DATASET RECORDS »
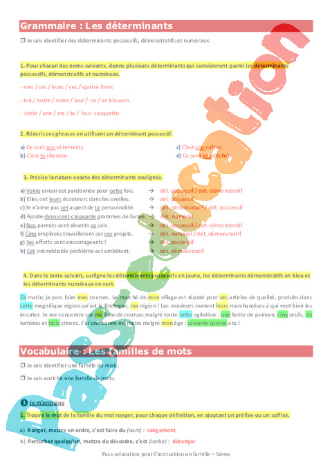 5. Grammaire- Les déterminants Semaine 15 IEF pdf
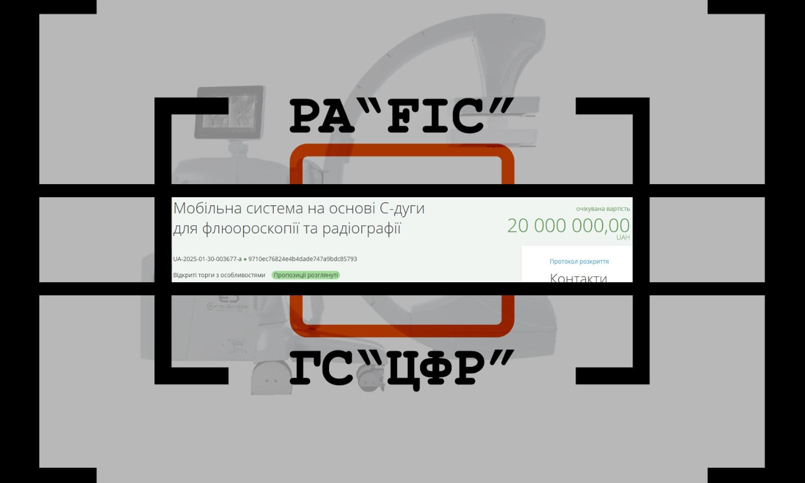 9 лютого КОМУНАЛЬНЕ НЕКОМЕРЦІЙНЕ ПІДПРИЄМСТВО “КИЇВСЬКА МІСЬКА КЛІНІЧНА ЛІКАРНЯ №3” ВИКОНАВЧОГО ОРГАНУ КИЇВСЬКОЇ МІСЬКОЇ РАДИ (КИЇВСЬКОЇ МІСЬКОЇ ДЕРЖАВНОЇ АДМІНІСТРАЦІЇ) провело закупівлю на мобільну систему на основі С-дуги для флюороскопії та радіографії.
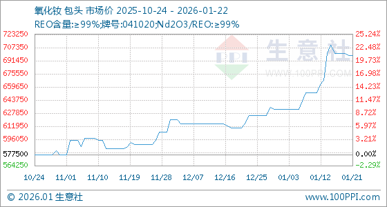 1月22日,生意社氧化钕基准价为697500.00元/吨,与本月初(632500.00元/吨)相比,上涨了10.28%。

==

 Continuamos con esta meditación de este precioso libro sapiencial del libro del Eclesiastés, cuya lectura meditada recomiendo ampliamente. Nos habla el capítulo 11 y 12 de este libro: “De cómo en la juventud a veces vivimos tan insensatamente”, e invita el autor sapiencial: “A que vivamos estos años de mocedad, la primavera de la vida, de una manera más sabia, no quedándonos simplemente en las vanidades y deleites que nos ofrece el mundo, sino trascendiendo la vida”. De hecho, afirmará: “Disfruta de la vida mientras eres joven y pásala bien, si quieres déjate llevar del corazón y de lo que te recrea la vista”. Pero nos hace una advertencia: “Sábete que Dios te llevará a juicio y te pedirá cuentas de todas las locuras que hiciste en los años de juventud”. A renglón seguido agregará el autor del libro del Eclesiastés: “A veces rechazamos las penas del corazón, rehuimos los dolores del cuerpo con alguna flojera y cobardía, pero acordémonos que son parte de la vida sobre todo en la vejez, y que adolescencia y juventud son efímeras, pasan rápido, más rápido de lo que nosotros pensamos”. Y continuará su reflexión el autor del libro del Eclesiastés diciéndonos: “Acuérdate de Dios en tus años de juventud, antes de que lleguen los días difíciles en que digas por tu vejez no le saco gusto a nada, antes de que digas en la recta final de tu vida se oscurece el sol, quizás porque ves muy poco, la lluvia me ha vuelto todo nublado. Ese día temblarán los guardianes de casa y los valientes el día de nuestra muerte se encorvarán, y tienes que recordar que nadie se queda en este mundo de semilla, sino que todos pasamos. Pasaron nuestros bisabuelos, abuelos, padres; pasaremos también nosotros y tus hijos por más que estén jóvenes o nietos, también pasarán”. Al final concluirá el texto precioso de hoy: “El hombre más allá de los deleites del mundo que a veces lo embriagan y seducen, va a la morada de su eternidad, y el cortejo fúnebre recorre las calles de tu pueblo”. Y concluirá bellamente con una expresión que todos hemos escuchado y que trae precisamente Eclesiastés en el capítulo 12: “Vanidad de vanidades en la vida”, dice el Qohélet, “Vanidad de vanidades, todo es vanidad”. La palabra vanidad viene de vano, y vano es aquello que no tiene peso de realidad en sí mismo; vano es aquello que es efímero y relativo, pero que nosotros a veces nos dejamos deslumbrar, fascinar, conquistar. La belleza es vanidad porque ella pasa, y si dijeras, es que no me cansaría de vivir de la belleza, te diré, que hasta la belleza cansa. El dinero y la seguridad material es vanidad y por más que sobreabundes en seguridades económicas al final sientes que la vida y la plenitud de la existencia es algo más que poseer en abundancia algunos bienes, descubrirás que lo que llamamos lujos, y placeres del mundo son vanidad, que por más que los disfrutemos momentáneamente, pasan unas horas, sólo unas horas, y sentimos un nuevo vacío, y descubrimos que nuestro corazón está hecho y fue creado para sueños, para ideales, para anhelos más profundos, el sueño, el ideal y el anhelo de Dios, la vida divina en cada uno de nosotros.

==

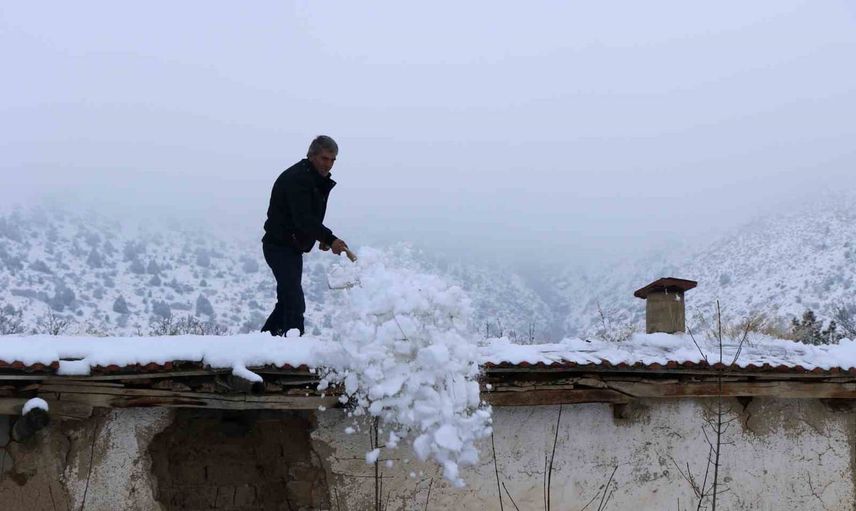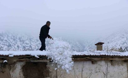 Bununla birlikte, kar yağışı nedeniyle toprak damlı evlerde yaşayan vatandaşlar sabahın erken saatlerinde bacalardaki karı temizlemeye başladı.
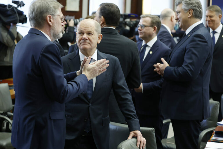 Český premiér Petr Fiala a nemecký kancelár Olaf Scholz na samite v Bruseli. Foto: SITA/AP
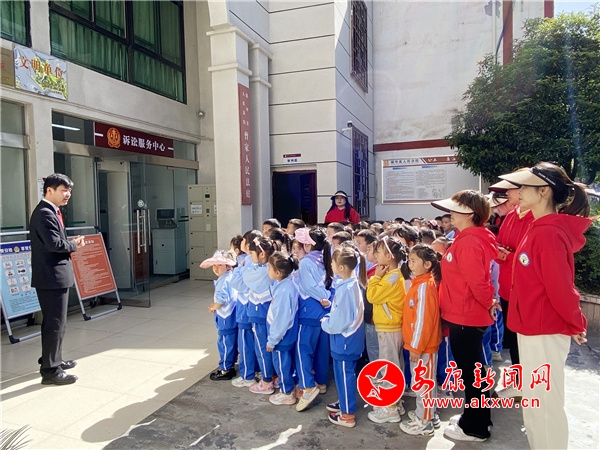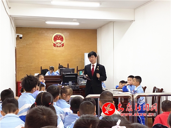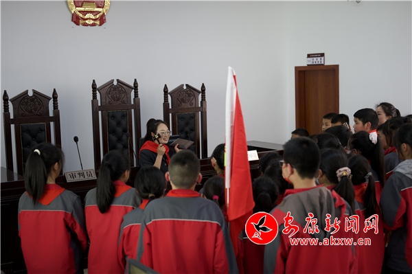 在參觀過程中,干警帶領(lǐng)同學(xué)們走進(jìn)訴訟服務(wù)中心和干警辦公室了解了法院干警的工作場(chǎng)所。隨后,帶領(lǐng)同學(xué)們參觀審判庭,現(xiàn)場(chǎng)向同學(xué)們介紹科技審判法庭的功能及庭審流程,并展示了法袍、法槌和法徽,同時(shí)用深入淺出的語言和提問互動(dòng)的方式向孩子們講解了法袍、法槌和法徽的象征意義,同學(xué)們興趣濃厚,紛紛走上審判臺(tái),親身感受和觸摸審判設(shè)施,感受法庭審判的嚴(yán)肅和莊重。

ACTIVITY »
With the pictures omitted, copy exactly the lines of the listing above starting at the line containing "5. Grammaire- Les" and ending at the line containing "1月22日,生意社氧化钕基准", both included.

EXERCISE RESPONSE »
 5. Grammaire- Les déterminants Semaine 15 IEF pdf
 9 лютого КОМУНАЛЬНЕ НЕКОМЕРЦІЙНЕ ПІДПРИЄМСТВО “КИЇВСЬКА МІСЬКА КЛІНІЧНА ЛІКАРНЯ №3” ВИКОНАВЧОГО ОРГАНУ КИЇВСЬКОЇ МІСЬКОЇ РАДИ (КИЇВСЬКОЇ МІСЬКОЇ ДЕРЖАВНОЇ АДМІНІСТРАЦІЇ) провело закупівлю на мобільну систему на основі С-дуги для флюороскопії та радіографії.
 1月22日,生意社氧化钕基准价为697500.00元/吨,与本月初(632500.00元/吨)相比,上涨了10.28%。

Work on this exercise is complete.